Jonathan Isaby is the Political Director of the TaxPayers’ Alliance 

Jonathan-Isaby-Political-DirectorThe UK tax system is, by all accounts, hugely complicated and in serious need of simplification. As if evidence were needed for this, look no further than the news this week that seven million taxpayers are each about to receive a letter from HMRC informing them that they paid the wrong amount of tax last year due to calculation blunders.

The TaxPayers’ Alliance has long believed that simplifying the tax system will play a vital role in contributing towards reducing the overall tax burden. To his credit, George Osborne , launched the Office of Tax Simplification last summer and in the Budget back in March announced a consultation on merging National Insurance with Income Tax, saying:

“We have for decades forced businesses large and small to operate independent NIC and income tax.
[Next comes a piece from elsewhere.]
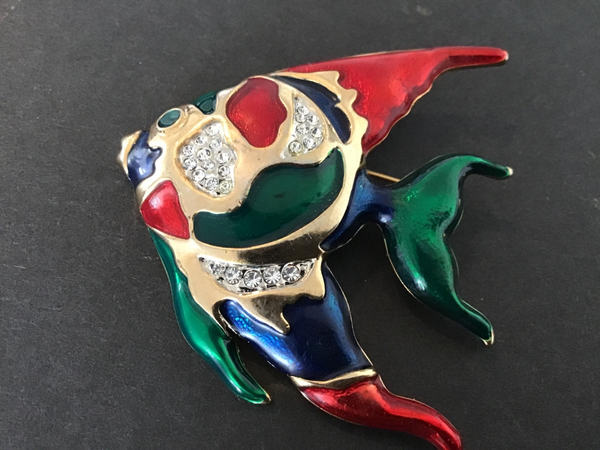 Vintage Angel Fish Enamel Rhinestone Brooch

This is an unnecessary cost and complexity on employers.”

Amen to that – and our latest report out today, Abolish National Insurance, examines that very issue of how to merge National Insurance and Income Tax.

National Insurance is virtually indistinguishable from Income Tax both in terms of its function of raising revenue for the Government from earned income and in the way it affects incentives for employees. Yet despite performing essentially the same task, it operates in a different manner in eight key ways (such as the collection period and definition of earnings) which adds unnecessary and expensive complexity.

More significantly, National Insurance obscures public understanding of tax on earnings, since most debates on earnings tax focus on Income Tax, ignoring both the employer’s and employee’s National Insurance Contributions.

Reforming National Insurance to align it with Income Tax would not only cut costs, reduce complexity and improve transparency, but also highlight the absurdity of having maintained both systems for so long.

Our proposal is for a two-stage merger of NI and Income Tax.

The first stage would operationally align the charges, publishing employers’ National Insurance on wage slips and renaming National Insurance to something which more honestly and accurately describes its function.

The second stage would simultaneously abolish National Insurance completely, mandate a reassessment of earnings to incorporate employer’s National Insurance Contributions and adjust Income Tax rates to collect the same revenues from the same individuals as before abolition: as such, pensioners, the self-employed and others who pay reduced rates of National Insurance would not pay a penny more in tax than they do at present.

It is a bold but perfectly feasible proposal which would make an ideal centrepiece for the Chancellor’s Autumn Statement on November 29th. How about it, George?